Ce communiqué est signé par Sophie et Damien Lutz, parents de Philippine, âgée de 8 ans, microcéphale et polyhandicapée, porte-paroles du Collectif contre l'Handiphobie.

De son côté l’Office chrétien des handicapés a publié un communiqué, où il s’interroge sur la souffrance et la solitude de Lydie Debaine, « qui s’est peu à peu laissée enfermer dans une relation exclusive avec sa fille, ne trouvant aucun soutien ajusté, et craignant que sa fille soit mal traitée dans le seul établissement qu’elle ait pu trouver. » L’OCH est révolté par la violence faite aux handicapés, dans une société où « la vie d’une personne gravement malade ou handicapée est un non sens ».

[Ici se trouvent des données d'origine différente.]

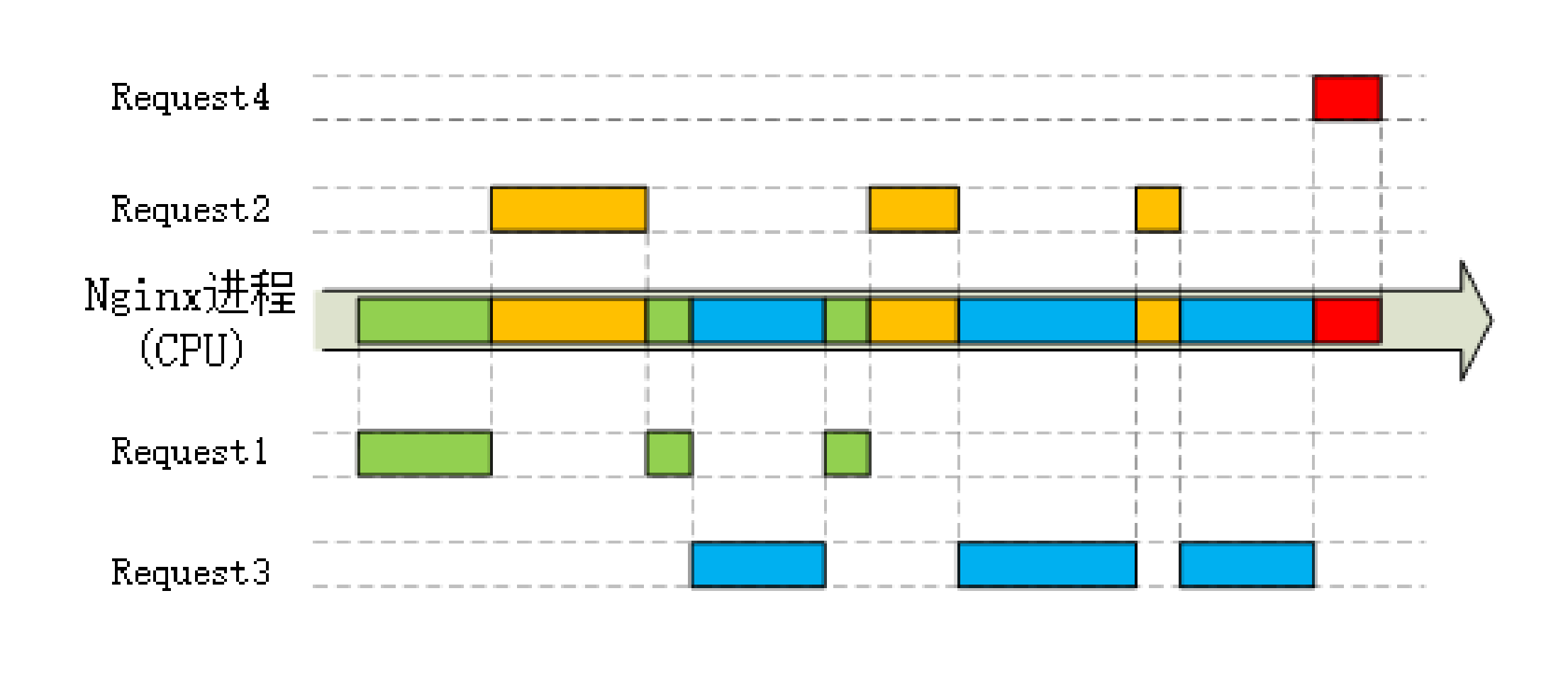 在Nginx之前,Web服务器的工作模式大多是“Per-Process”或者“Per-Thread”,对每一个请求使用单独的进程或者线程处理。这就存在创建进程或线程的成本,还会有进程、线程“上下文切换”的额外开销。如果请求数量很多,CPU就会在多个进程、线程之间切换时“疲于奔命”,平白地浪费了计算时间。

Et l’OCH rappelle être né à la suite d’un procès analogue :
« Il y a presque 50 ans, il y eut en Belgique ce qu’on a appelé “le procès de Liège”. Là aussi, l’acquittement de parents qui avaient tué leur fille gravement handicapée. Des scènes de liesse dans la rue avaient accompagné ce verdict. La violence de cet événement provoqua un grand sursaut des sociétés belge et française, manifestant un mouvement de solidarité à l’égard des personnes gravement atteintes et de leurs parents. Très concrètement alors, Marie-Hélène Mathieu fonda l’Office chrétien des personnes handicapées (OCH) pour soutenir les familles, susciter des réponses à leurs besoins, apporter un éclairage sur la valeur sacrée de la personne handicapée et sa place dans la société.
Aujourd’hui comme il y a 50 ans, d’un mal peut sortir un bien : le « oui » à la vie de toute personne, quelles que soient ses limites, l’appel à l’engagement de chacun et de toute la société pour son accompagnement, en particulier par la création de lieux de vie. »

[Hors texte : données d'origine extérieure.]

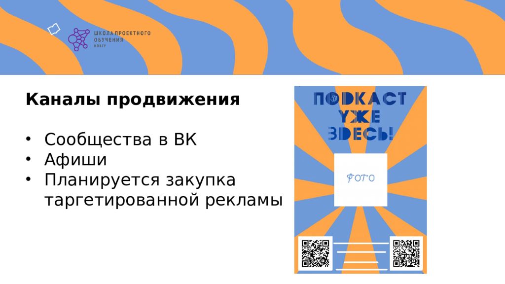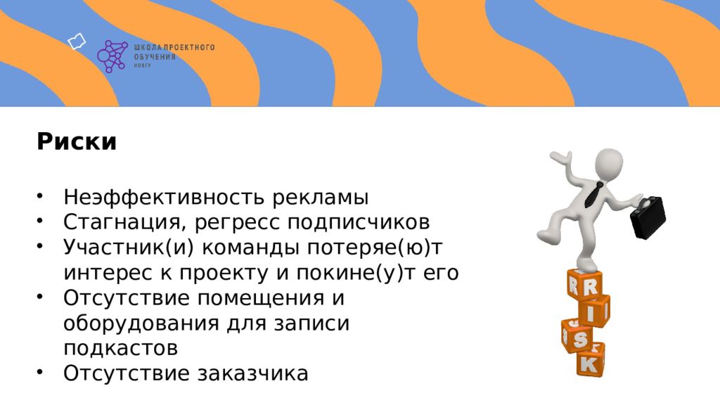 Риски Неэффективность рекламы Стагнация, регресс подписчиков Участник(и) команды потеряе (ю)т интерес к проекту и покине (у)т его Отсутствие помещения и оборудования для записи подкастов Отсутствие заказчика

Euthanasie (II) : l’émotion et la raison

Faut-il que notre société accepte l’euthanasie ? Le cardinal Ricard pose la question sur le site de son diocèse, dans des termes particulièrement clairs. Il s’interroge notamment sur le bien-fondé d’une “haute autorité” chargée de statuer sur les cas d’exception à la loi :
« Récemment, à travers le drame humain de Mme Chantal Sébire, a été reposée la question de l’euthanasie. Des personnes expriment leur désir de ne plus souffrir, disent leur souhait de mourir et demandent, pour ceux qui les aideraient à mourir, une dépénalisation de la loi sanctionnant l’euthanasie. Il nous faut tout d’abord respecter le drame humain vécu par ces personnes et éviter de les juger. Nous avons à les porter, elles et leur famille, dans la prière.

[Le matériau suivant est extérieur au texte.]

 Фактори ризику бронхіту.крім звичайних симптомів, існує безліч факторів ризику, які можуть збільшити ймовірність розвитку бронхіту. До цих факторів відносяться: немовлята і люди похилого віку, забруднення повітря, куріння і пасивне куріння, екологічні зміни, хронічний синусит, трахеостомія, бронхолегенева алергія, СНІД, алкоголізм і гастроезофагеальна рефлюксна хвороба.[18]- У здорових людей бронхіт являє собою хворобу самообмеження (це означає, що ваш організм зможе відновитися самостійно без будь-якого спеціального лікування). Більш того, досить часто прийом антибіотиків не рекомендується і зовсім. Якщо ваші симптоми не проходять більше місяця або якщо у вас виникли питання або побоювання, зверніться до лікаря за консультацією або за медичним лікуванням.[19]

Mais les questions soulevées, souvent par ces personnes elles-mêmes, dépassent la singularité des cas particuliers. L’émotion ne doit pas remplacer la réflexion. D’autant plus que ces situations douloureuses, qui sont orchestrées par les médias, sont relayées par des groupes très actifs qui militent depuis quelques années en France pour la dépénalisation de l’euthanasie et le droit de “mourir dans la dignité”.

En 2005, avait été votée à l’unanimité en France une loi appelée “Loi Léonetti”. Elle abordait la question de la mort médicalisée. Elle refusait tout à la fois l’euthanasie et l’acharnement thérapeutique. Faut-il aujourd’hui aller plus loin en confiant à une haute autorité la possibilité d’autoriser des médecins à aider à mourir des personnes dont la situation physique et psychique serait particulièrement dramatique ? C’est bien la question qui est posée aux politiques et plus largement à l’opinion publique. Elle suppose une dépénalisation de ces actes qui sont aujourd’hui condamnés et donc une modification de la loi. Qu’en penser ?
  • Il ne s’agit pas d’une modification anodine. Toute notre législation et toute l’éthique médicale vont dans le sens du respect de la vie. Donner la mort y introduit un bouleversement plus profond qu’il n’apparaît.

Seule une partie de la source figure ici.